When the bosses are deaf to reason and blind to justice mass action is the only solution
Downloadable as an A5 leaflet here
Is it just and reasonable for Birmingham Council to make bin workers pay for a financial crisis they didn’t cause?
Is it just and reasonable to pay a clique of financial advisers £1.5m a year when bin workers are facing £8,000 pay cuts?
Birmingham Council and this Labour government are acting like Tories. They are out of touch with working-class people who have lived through years of austerity and are now being asked to pay the price of a failed management and years of cuts to council budgets.
Achieving equal pay by levelling down is a cynical and fraudulent ploy to excuse the cuts our bin workers are facing. Women workers don’t benefit from cuts to the family budget.

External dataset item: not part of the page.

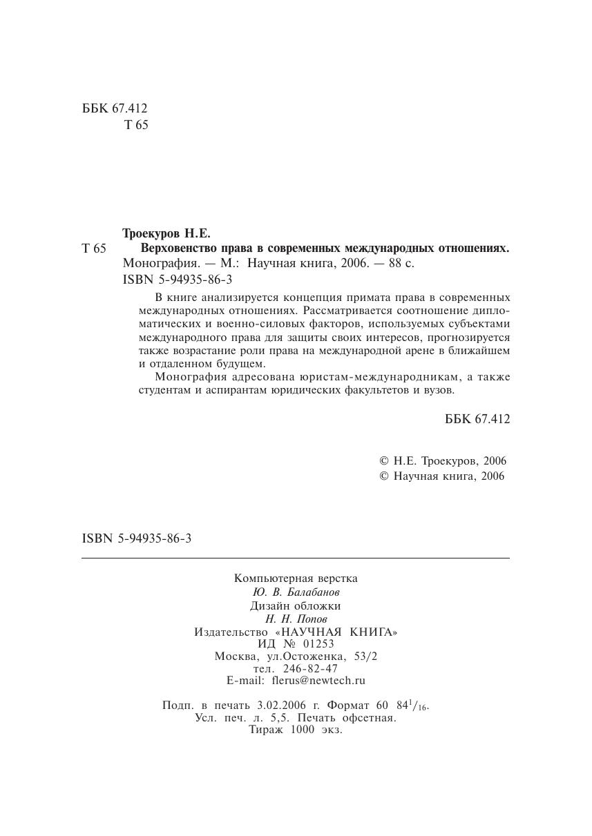 В книге анализируется концепция примата права в современных международных отношениях. Рассматривается соотношение дипломатических и военно?силовых факторов, используемых субъектами международного права для защиты своих интересов, прогнозируется также возрастание роли права на международной арене в ближайшем и отдаленном будущем. Монография адресована юристам?международникам, а также студентам и аспирантам юридических факультетов и вузов.

Council bosses, financial markets and this government are addicted to austerity, and if the bin workers give in they won’t stop there. The bin strike is part of a bigger fight against attacks on the working class.
Freezing pensioners and putting children and disabled people into poverty has seen this government get a kicking in the recent elections where working class anger has been spectacularly registered. But Reform isn’t the answer – they are as opposed to trade union rights and taxing the rich to pay for our services as are the Tories and Labour.
Council bosses think if they hang tough we will give in. Mega pickets and mass demonstrations will make them think again.
Solidarity is the key
The message is getting out and the old trade union slogan ‘an injury to one is an injury to all’ is being heard. Trade unionists across the country are finding out about Birmingham after weeks of media attempts to demonise the bin workers.
But workers fighting back are increasingly seen as giving a lead that we can all get behind. We have a right to decent pay and safe working conditions, and these demands connect to other demands.
We demand a fully funded NHS, education and welfare system. We demand that all our service providers are highly paid and respected, just as we want our service users, the weak and the sick, to be respected and given the right to live in dignity.
Therefore, the bin workers’ fight is a fight for all. And we need to get the message out that the action is not going away. Other council workers across Birmingham and the country are facing cruel attacks under the guise of ‘efficiency savings’.
But there is no evidence that pay cuts for vital workers will increase efficiency. It is also a myth that the money isn’t there to pay us. Britain is the sixth largest economy in the world. The collective wealth of UK billionaires increased by £35m per day in 2024 reaching a total of £182bn. Starmer has committed an extra £13bn to military spending to continue fuelling the genocide in Gaza and war in Ukraine.
Austerity is nothing more than a manufactured excuse to stop taxing the wealth of the super-rich and push for more militarism. It is unjust and obscene nonsense. It is worse rubbish than our bin workers handle every day.
We also need to make it clear that we are not accepting any more cuts and we will call disputes in as many sectors as we can to bring numbers onto the streets. As well as the old slogan ‘an injury to one is an injury to all’, let’s also demand that our union leaders become familiar with ‘one out, all out’.
If Birmingham held a Saturday demonstration in the city centre in solidarity with bin workers and against all council cuts it would get a huge response and help galvanise a working-class fightback.
We are facing a general attack on the working class and only a determined and united response can turn it back. That means spreading the action and building mass solidarity, and it means mobilising a national movement against austerity that affects all working-class people. The Birmingham bin strikers must be central to the 7 June People’s Assembly national demonstration.